The plan is a restructuring, not a rate-refinancing for net present-value savings, Gonzalez said: "We're not locking in the lower interest rate. We're just spreading out the debt." He said that stretching the maturity will increase total interest paid over the life of the debt while avoiding the single-year spike in 2030.

Why it matters: the county currently faces a large bullet payment coming due on the 2020 certificates. Gonzalez's slides showed the county's debt-service profile jumping from about $2.7 million in one year to roughly $6.0 million the next if the 2030 maturity remains as structured. Under the bank proposal, that single-year payment would fall to roughly $302,000 in the modeled refunded schedule and the annual I&S levy would be smoothed.

Court discussion and next steps: Judge Canto and commissioners questioned how the original 2020 obligation was spent. The judge said preliminary county office records indicate some of the 2020 proceeds were used for the county amphitheater; the court asked staff to confirm exact project use. Because the presentation was informational, the court took no binding vote on the financing on Aug. 15; Gonzalez said staff and bond counsel would return with final documents for a vote at a scheduled Aug. 27 meeting and, if approved, the loan would close on Sept. 24.
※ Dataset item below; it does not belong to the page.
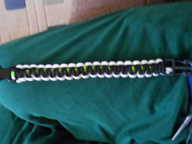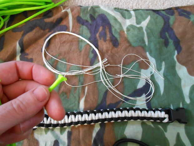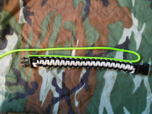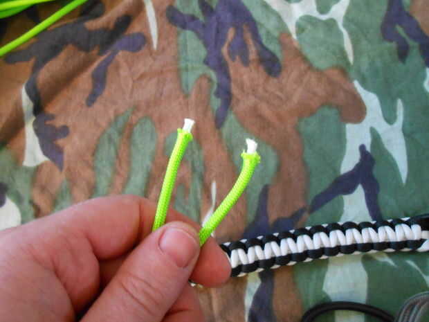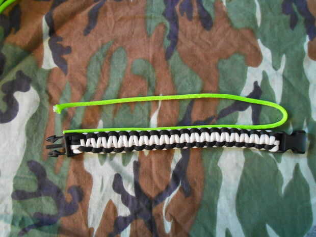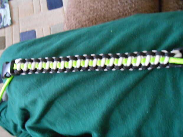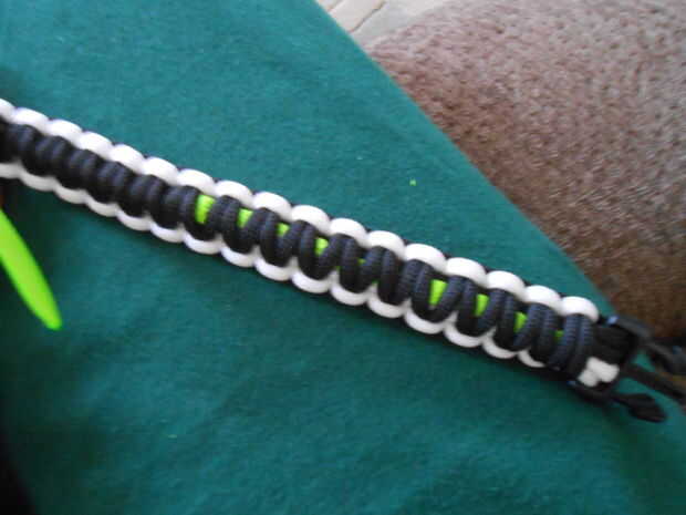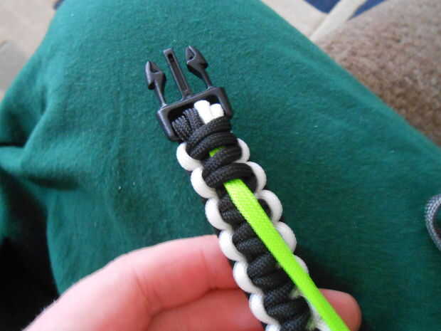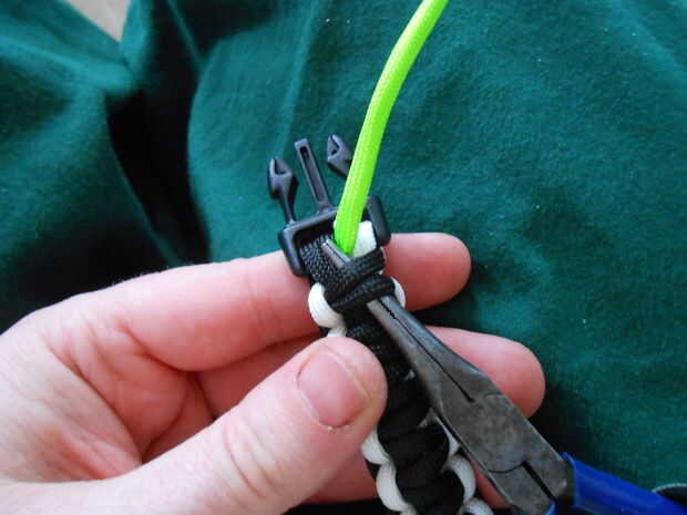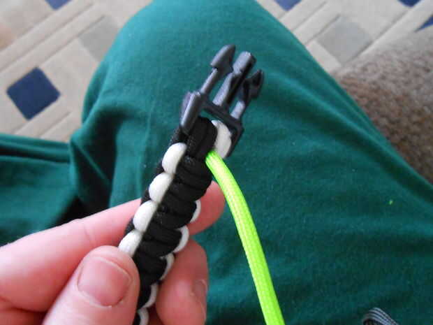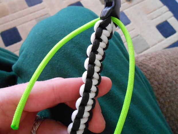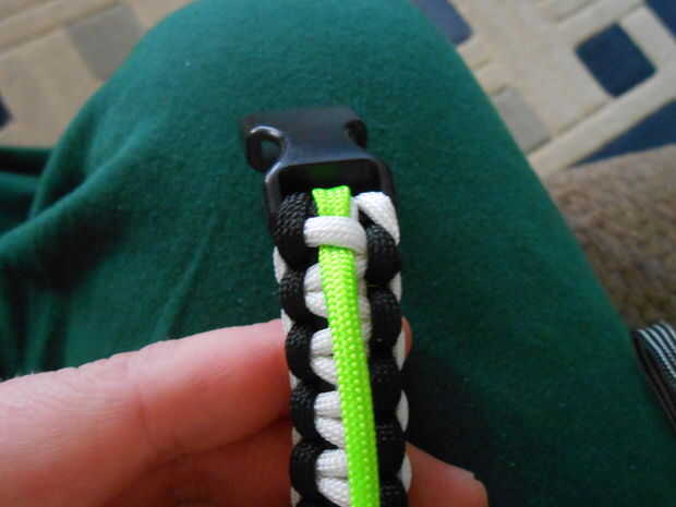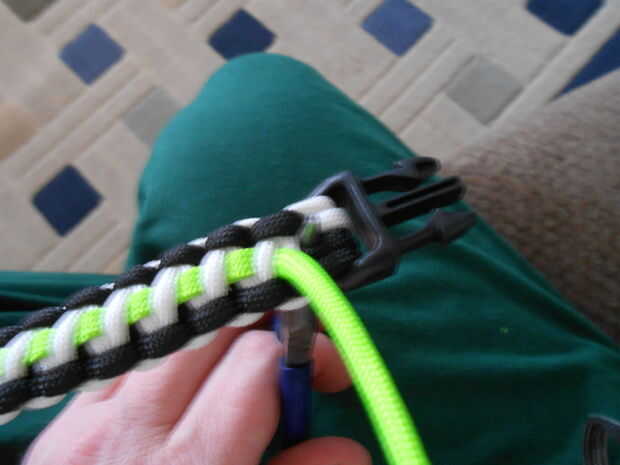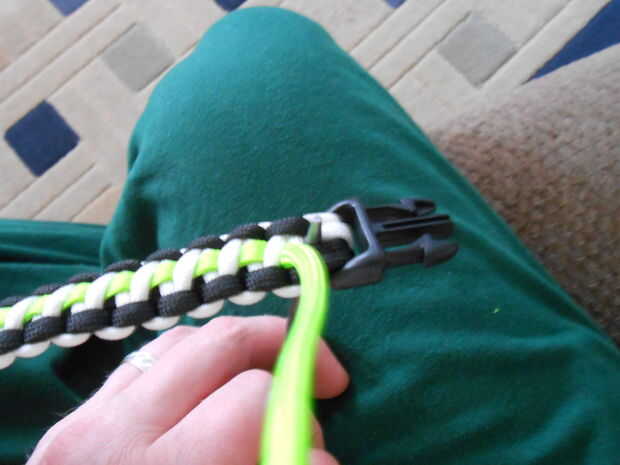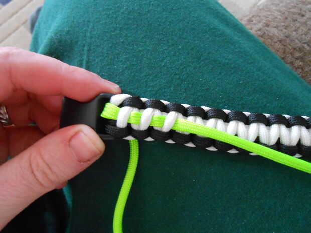 Luego empezar a trabajar la cuerda sobre y debajo de las fotos de frente color principal 8-13. Que hizo cada uno, pero después pensé que podría ser bueno por encima y por debajo que va en grupos de dos. También, es pasar la pieza de flatline a través de los colores principales 2 debajo de la hebilla (visto en los cuadros 11-13) puede hacer esto al principio como una variación bien.

The court and staff emphasized two trade-offs: (1) the bank option avoids open-market issuance costs (ratings, underwriter fees and related counsel) and (2) lengthening the maturity reduces near-term tax pressure but increases long-term interest expense.

The court made no formal financing commitment on Aug. 15; commissioners agreed to place the item on the Aug. 27 agenda for action.

Ending: County staff will provide written backup showing the original purpose of the 2020 certificates and final loan documents before the Aug. 27 vote; commissioners asked the auditor and budget office to confirm the prior expenditures and the final projected tax-rate impact before any approval.